Bell Germany was faced with difficult framework conditions throughout the financial year. The fierce competitive pressure resulted in higher listing volatility and the prior year's sales figures could not be equalled. The sharp increase in raw material prices for pork also intensified margin pressure. The branded goods business performed well and brand concepts made further progress in market penetration.
In 2016, Bell International experienced strong growth particularly due to the integration of the acquisition of the poultry specialist Huber. The poultry business as well as the activities in Poland and Hungary trended positively. In France and the Czech Republic on the other hand, the massive increase in raw material prices partly wiped out the operational progress that had been achieved.
The contribution of the Hilcona Group to the overall results of the Group rose considerably in the reporting year as a result of its full-year consolidation (previous year eight months), organic growth and the acquisitions. Successful efficiency enhancement measures and innovations further improved Hilcona's result (fresh convenience). Eisberg/Gastro Star (convenience salads) can also look back on a successful financial year and once again posted growth in all relevantmarkets. The positive business performance is also due to the company’s strong innovative power.

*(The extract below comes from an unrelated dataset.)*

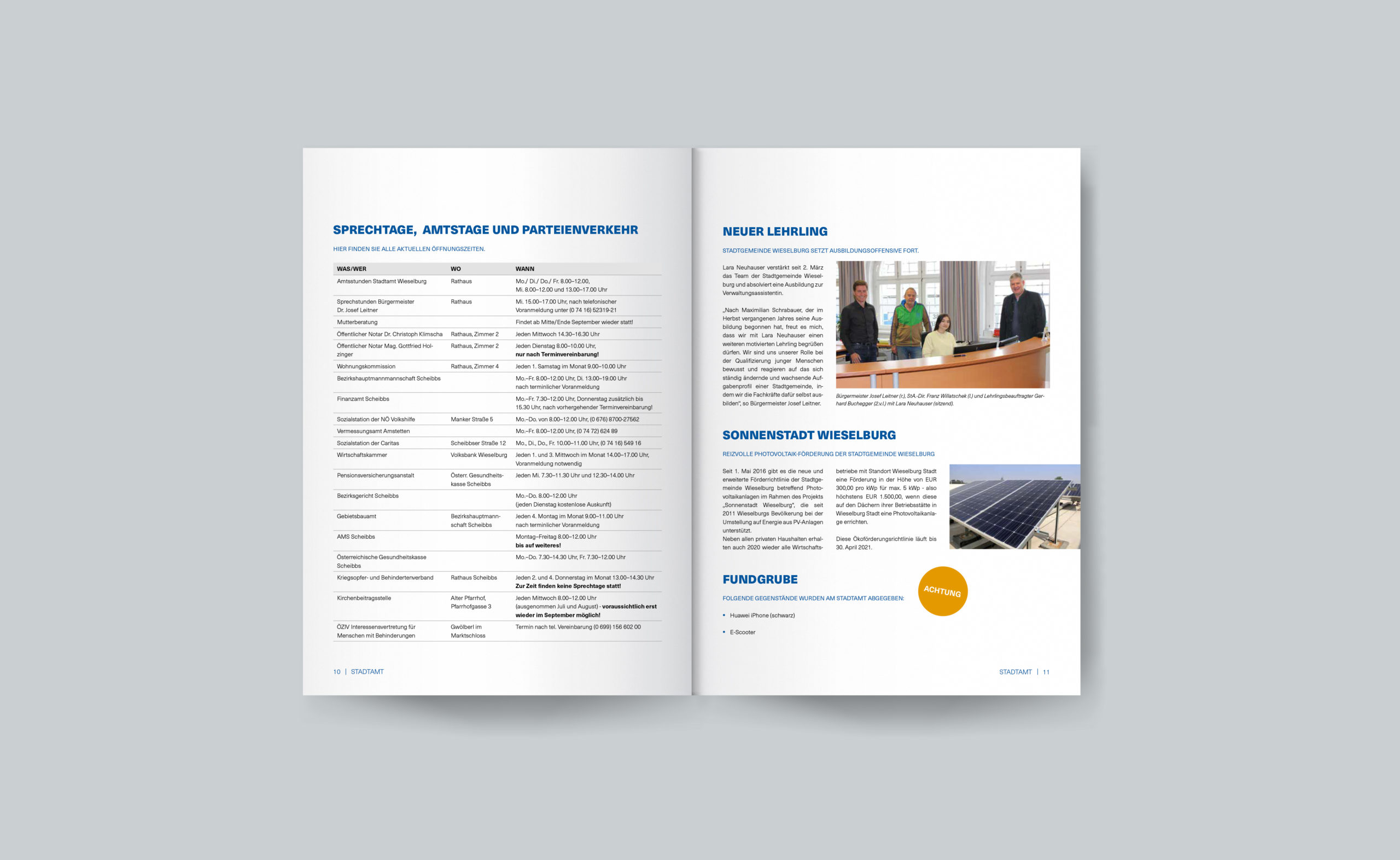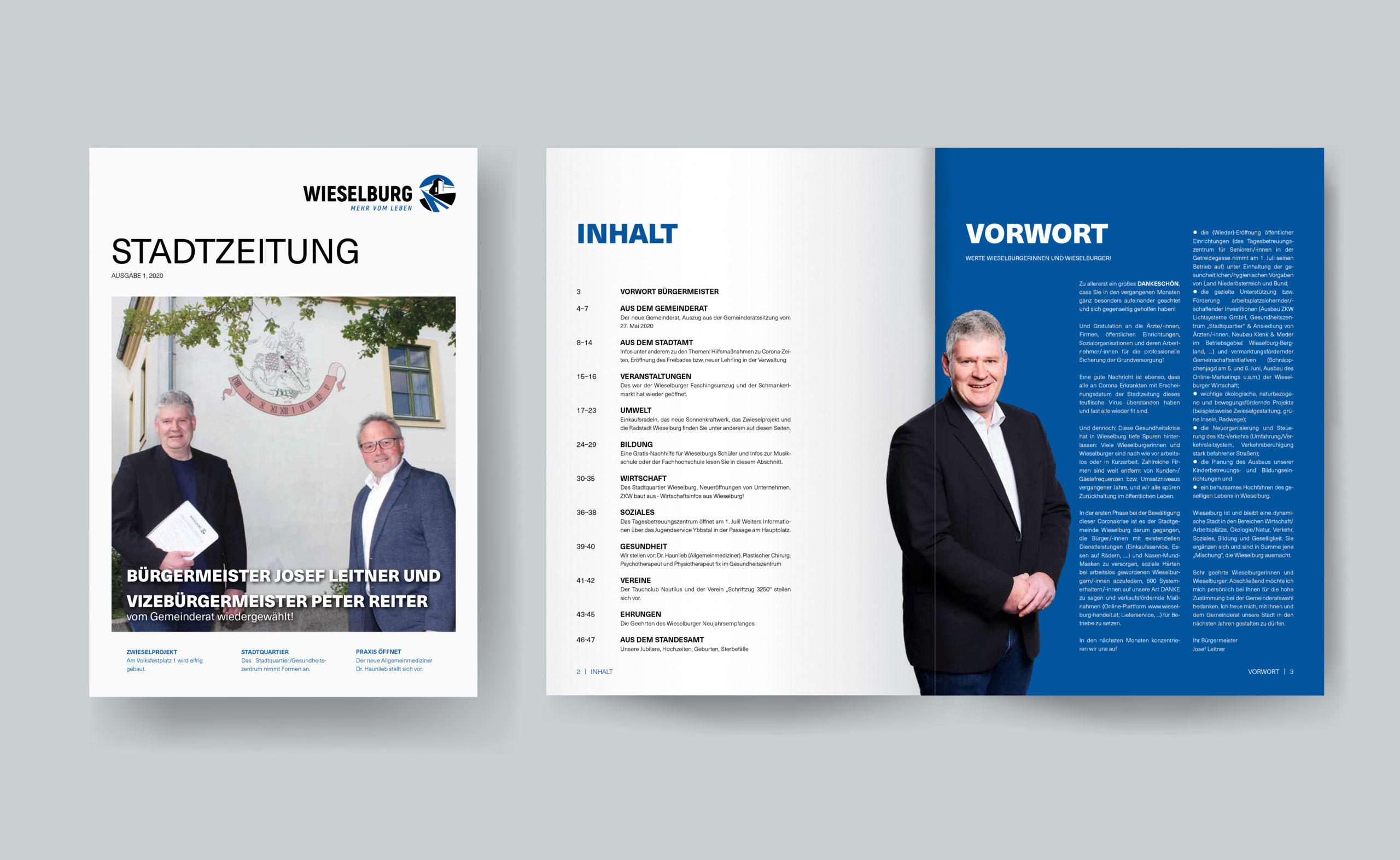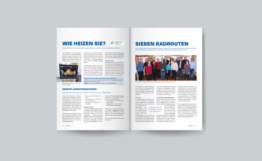 Als Praktikantin bei der Stadtgemeinde Wieselburg durfte ich bei der Neugestaltung der Gemeindenachrichten mitwirken und war an der Konzeption und Umsetzung des Layouts beteiligt. Die Farbgebung der Zeitschrift wurde an das neue Logo der Gemeinde angepasst. Der Satzspiegel verleiht dem Layout genügend Weißraum, wodurch der Inhalt der Zeitung in den Vordergrund rückt. Die serifenlose Schrift Neue Haas Unica wurde für Headlines und Fließtext verwendet. Orange Buttons heben sich von der Kontrastfarbe Blau ab und weisen auf wichtige Informationen hin. LeserInnen werden über Termine und Veranstaltungen in übersichtlichen Tabellen informiert. (Mockup Broschüre designed by rawpixel.com, www.freepik.com)

Bell share performs well once again
At the end of 2016, the price of the Bell share was CHF 438.75. The share performed very well again with an annual share price increase of 29.4 percent and closed considerably better than the market. Given the increasingly difficult market conditions and planned investment projects, the Board of Directors is requesting the General Meeting to approve the same dividend as last year of CHF 7 per share.
Strategic investments in further growth
In the course of the past few years, the Bell Group has evolved from a traditional Swiss meat processing company into one of the leading meat and convenience specialists in Europe. A new brand strategy has been developed in line with this. It reflects in particular the merging of the traditional business area of meat, poultry, charcuterie and seafood with the newer areas of fresh convenience and convenience salads under the umbrella name for the company, Bell Food Group.
As well as the acquisitions in recent years, operational performance has been considerably increased through investments in the production sites. The first projects have been defined for the Basel and Oensingen sites within the framework of the investment programme for the Swiss production sites. Bell expects the first projects for new buildings and conversions to be ready for implementation in 2017.
Bell anticipates that the difficult framework conditions will continue throughout the current year, in particular due to the continued volatility in the prices for raw materials and the fact that competition remains fierce. The focus of commercial activities stays on the continued seamless integration of the companies that have been acquired, the implementation of the investment programme in Switzerland and continued operational progress in all business areas.